Sony's Plant for Smartphone Cameras Halts After Japan Earthquake

The earthquake in southern Japan that killed nine people, damaged buildings and derailed a bullet train also halted production at a Sony Corp. camera-chip factory, a key part of the global smartphone supply chain.

The plant in Kumamoto on the southern island of Kyushu is still being inspected, Sony said. The strength of the earthquake, as well as persistent aftershocks, are raising the risk that it will take time to restore operations, Kenichi Saita, an analyst at Mizuho Securities, wrote in a report.

Still, he said he doesn’t expect the earthquake to have a major impact on camera-chip supplies, given current demand and Sony’s ability to shift production to other factories in Japan.
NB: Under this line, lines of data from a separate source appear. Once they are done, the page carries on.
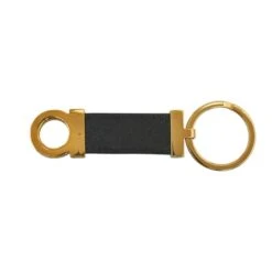 ELADY SALVATORE FERRAGAMO Gancini Keychain Key Ring JI-22 Gold Black Plated Leather Ladies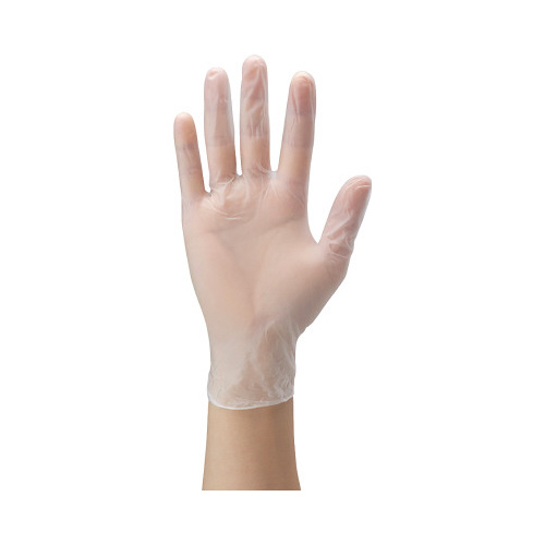 手によくフィットし、指先の感覚を活かせる厚み約0.05mmの使い捨て塩化ビニール手袋(パウダーフリー)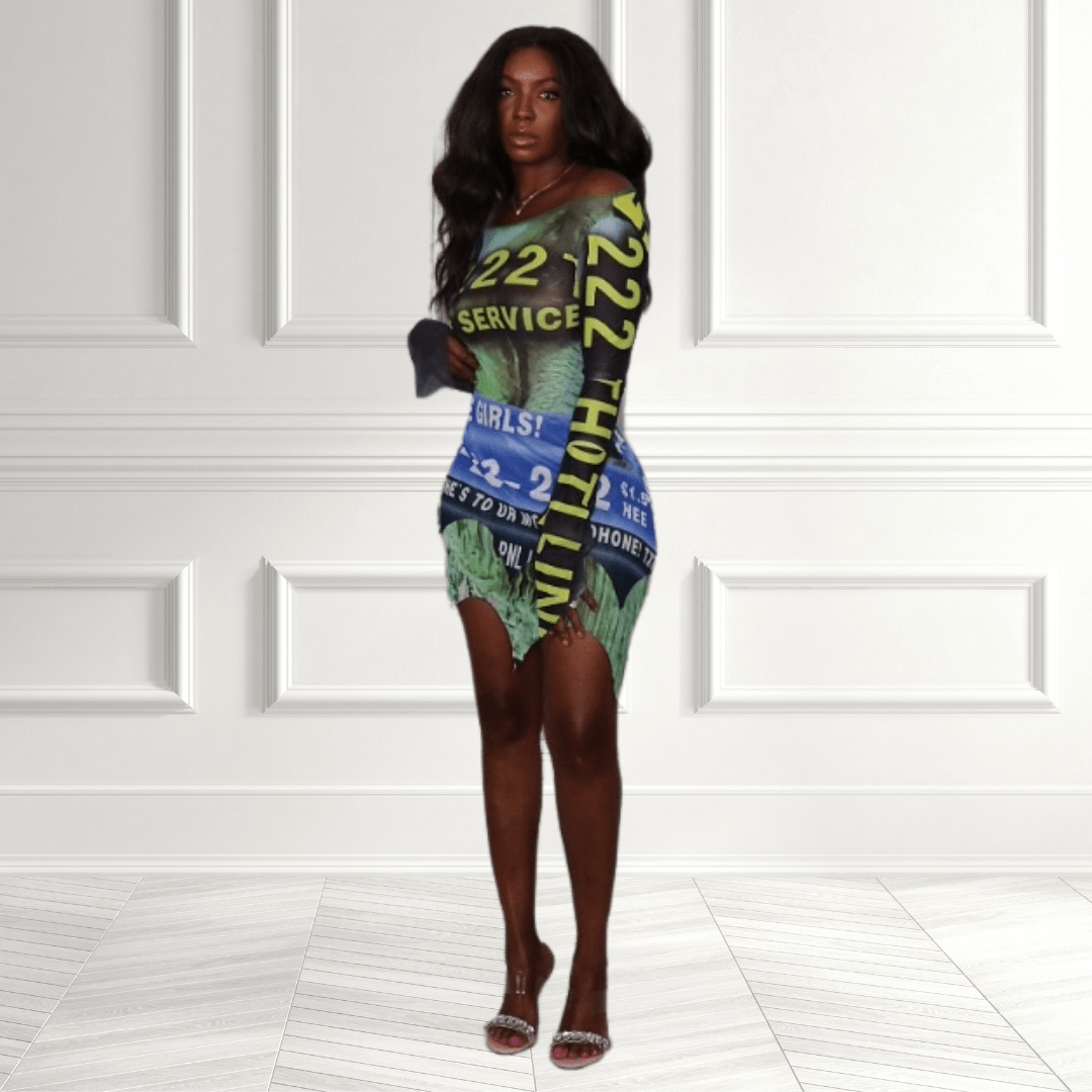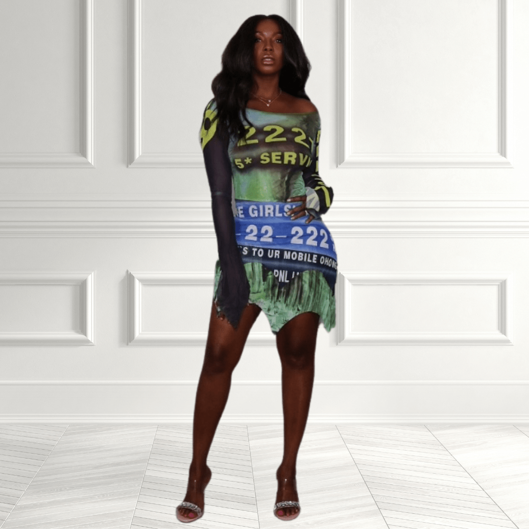 Upgrade your wardrobe with our Letters Mesh Flared Sleeve Dress. Embrace the fierce vibe with mesh fabric, flared sleeves, and tie-back detailing. Our Letters Mesh Flared Sleeve Dress is a versatile choice that's suitable for various occasions. Order now and experience the allure of this fashion-forward piece.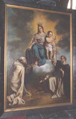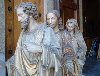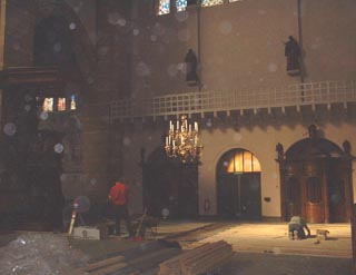 | -Rechtsboven: Impressie van het interieur waar bouwvakkers druk bezig zijn met de verwijdering van de kerkbanken de schilderijen en ander decor en het herinrichten van de kerk als nieuwe concertzaal en Jeroen Bosch documentatiecentrum. -Voorbeelden van kunstschatten uit de Jacobkerk die door de Parochie Binnenstad werden veilig gesteld. Boven een altaarstuk vermoedelijk uit de Waterstaatkerk [voorganger van de huidige kerk] of al uit de middel eeuwse St.Jacobkerk. -Rechts: Zelfs de heiligen lopen de kerk uit.. foto © paul kriele, 1 september 2004. |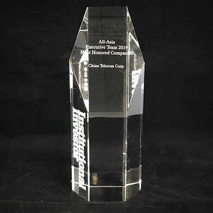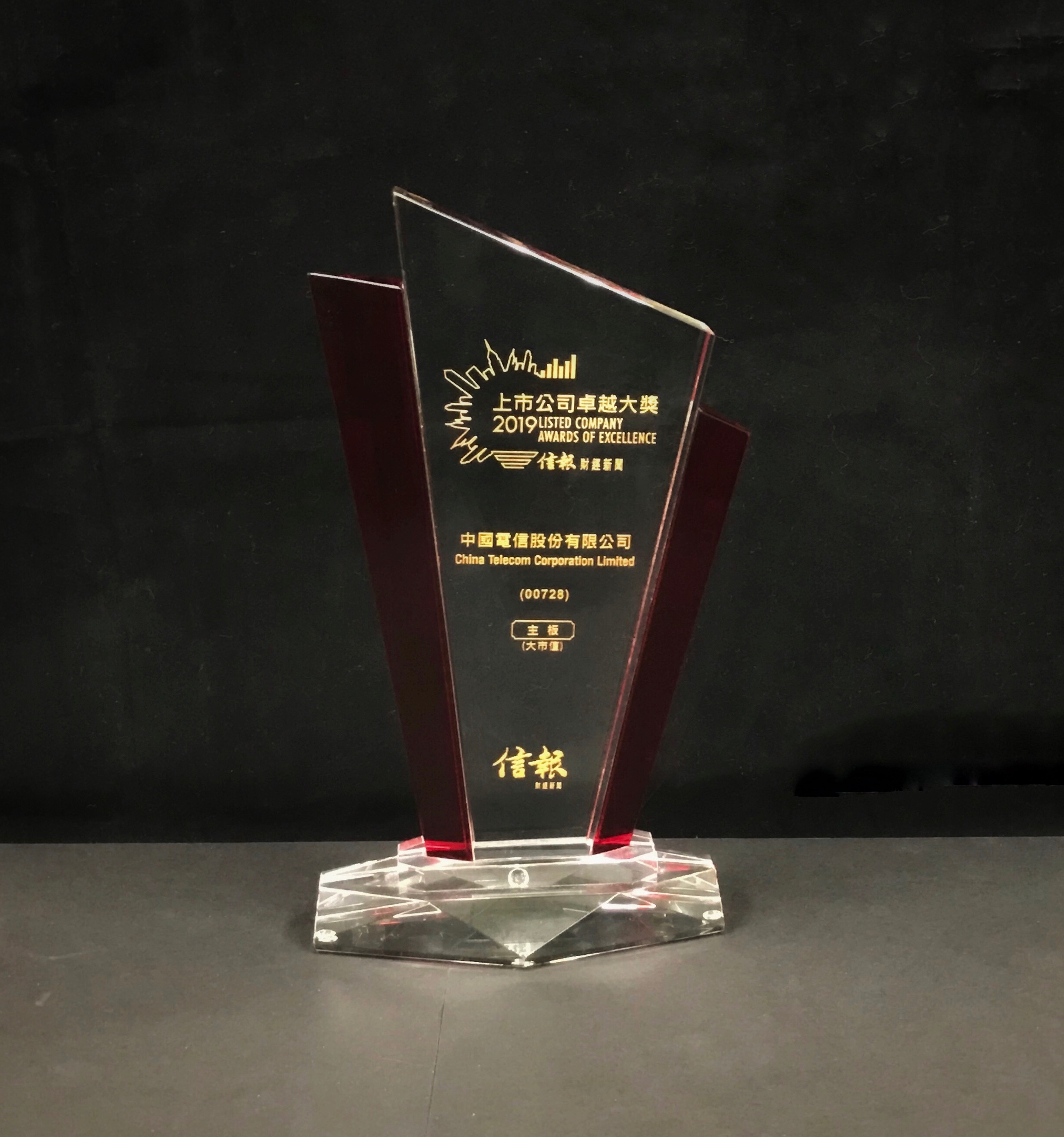 中國電信股份有限公司在著名財經雜誌《機構投資者》(Institutional Investor)舉辦的2019年「亞洲最佳企業管理團隊」評選中,獲選為「亞洲最受尊崇企業」。公司在該評選的九年歷史中,每年均榮獲這一殊榮。本次評選收到來自逾1,800名買方投資者及逾600名賣方分析師的投票,以評比區內表現傑出的企業及管理團隊。此外,中國電信及其管理層在「電信業」多個獎項中均名列第二,包括: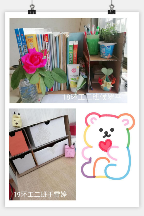 参与本次竞赛的环境工程系的同学们手脑结合,充分发挥自己的想象力与创造力,利用家里用过的饮料瓶、破纸板、包装纸等废弃物,制成了小玩具、装饰品、学习用品等各式各样的小作品,使它们重获新生。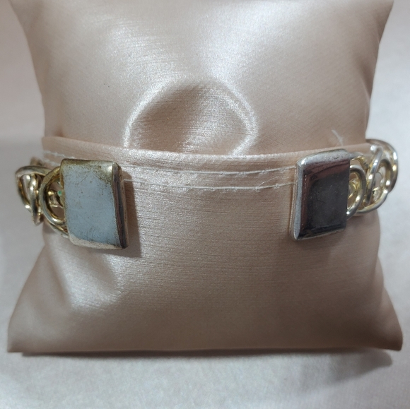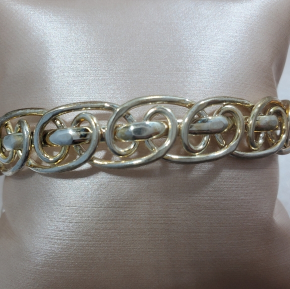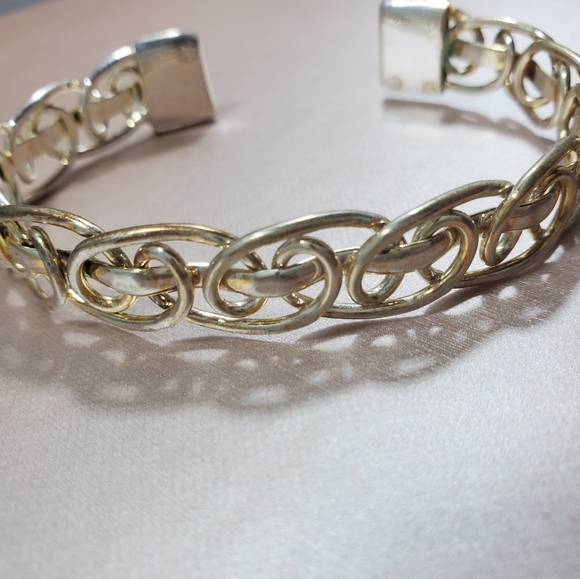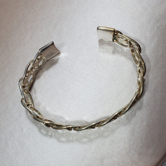 This is NWOT, sterling silver, approximately 18 grams, bracelet that has delicate silver and gold swirls to make up this adjustable bangle. Awesome everyday piece. Thank you for visiting my closet and please bundle to save more money. Prices are over 70 percent below wholesale price. Again, thank you and follow me to see weekly listings and updates.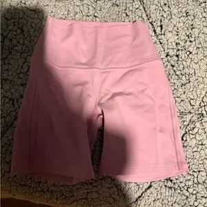 These pink bike shorts from lululemon athletica feature a high-rise waistband and a fitted design, perfect for cycling or gym workouts. Made from a smooth, moisture-wicking fabric, they offer both comfort and style for any athletic activity.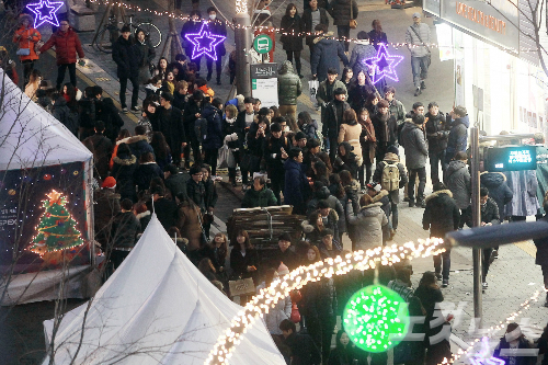 크리스마스 이브인 지난 24일 오후 서울 신촌 연세로 크리스마스 거리축제를 찾은 시민들이 거리를 가득 메우고 있다. (사진=황진환 기자)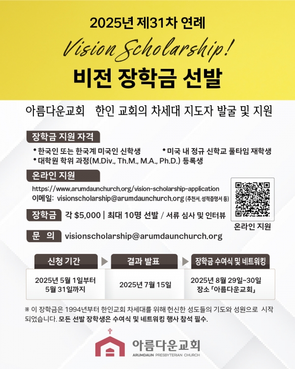 자세한 정보 및 신청: https://www.arumdaunchurch.org/vision-scholarship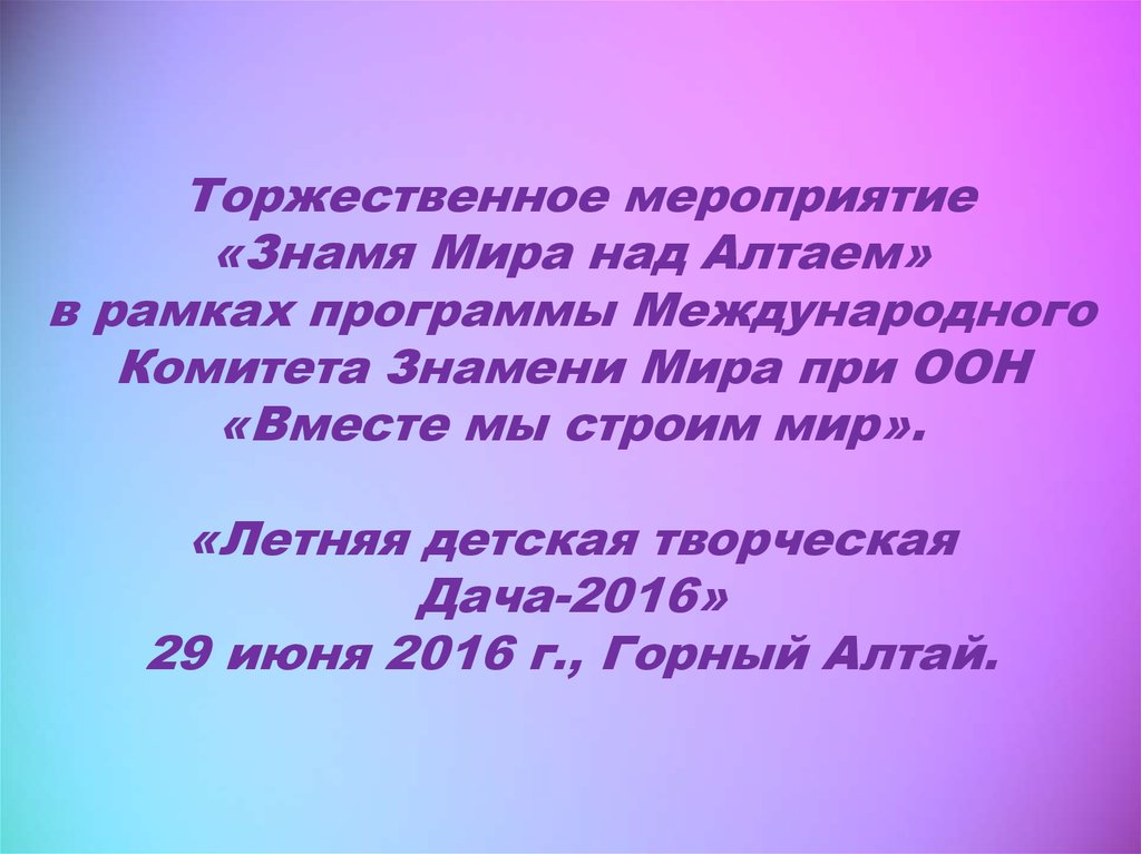 Торжественное мероприятие«Знамя Мира над Алтаем»

“We expect components for upcoming high-end smartphones to come from the Kumamoto factory, so there is concern on the impact on production and shipments,” Saita wrote.

The Kumamoto plant, which started operating in 2001, makes CMOS sensor chips that turn light into digital signals -- a key component in digital cameras and smartphones such as Apple Inc.’s iPhone. Any disruption to the supply of digital-imaging chips could cause production delays and lost sales for manufacturers.

“We are checking into extent of damage and when we can restart,” said Haruka Kitagawa, a spokesman for Sony. “There hasn’t been major damage to the building.”

Sony halted production and evacuated the factory following the quake, which struck Thursday night. There were no reports of damage to Kyushu Electric Power Co.’s Sendai nuclear reactors, the only operating plants in Japan. A bullet train carrying no passengers derailed near Kumamoto station.

The shares of Tokyo-based Sony fell 3.2 percent to 2,395 at the close in Tokyo on Friday. The Nikkei 225 Average fell less than 1 percent.